Linda Maher

Personal information
- Born: 3 March 1979 (age 47) Wexford, Ireland
- Height: 177 cm (5 ft 10 in)

Sport
- Sport: Field hockey
- Position: Midfield

National team
- Years: Team / Caps / Goals
- 1999–2007: Ireland / 151 / (–)

= Linda Caulfield =

Irish field hockey player (born 1982)

Linda Maher (née Caulfield) (born 3 March 1979) is a retired field hockey player from Ireland.

==Personal life==
Maher was born in Wexford, Ireland.

She is married to William Maher, an Irish hurler.

==Career==
She made her international debut for the Green Army in 1999. She earned her first senior cap during a test match against Russia.

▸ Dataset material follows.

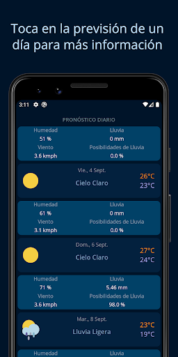 - Consulta la predicción diaria para los siguientes 7 días.

Major International Tournaments

During her career, she represented the squad at a number of major tournaments, amassing 151 caps for the national team. These tournaments included:

- 1999 EuroHockey Championships – Cologne
- 2001 Intercontinental Cup – Amiens and Abbeville
- 2002 FIH World Cup – Perth
- 2003 EuroHockey Championships – Barcelona
- 2004 FIH Olympic Qualifiers – Auckland
- 2005 EuroHockey Championships – Dublin
- 2006 Intercontinental Cup – Rome
- 2007 EuroHockey Championships – Manchester

After the retirement of teammate and captain, Lynsey McVicker, following the 2005 EuroHockey Championships in Dublin, Caulfield succeeded her and took over captaincy of the national team. She served as captain until her retirement in 2007, at the conclusion of the 2007 EuroHockey Championships in Manchester.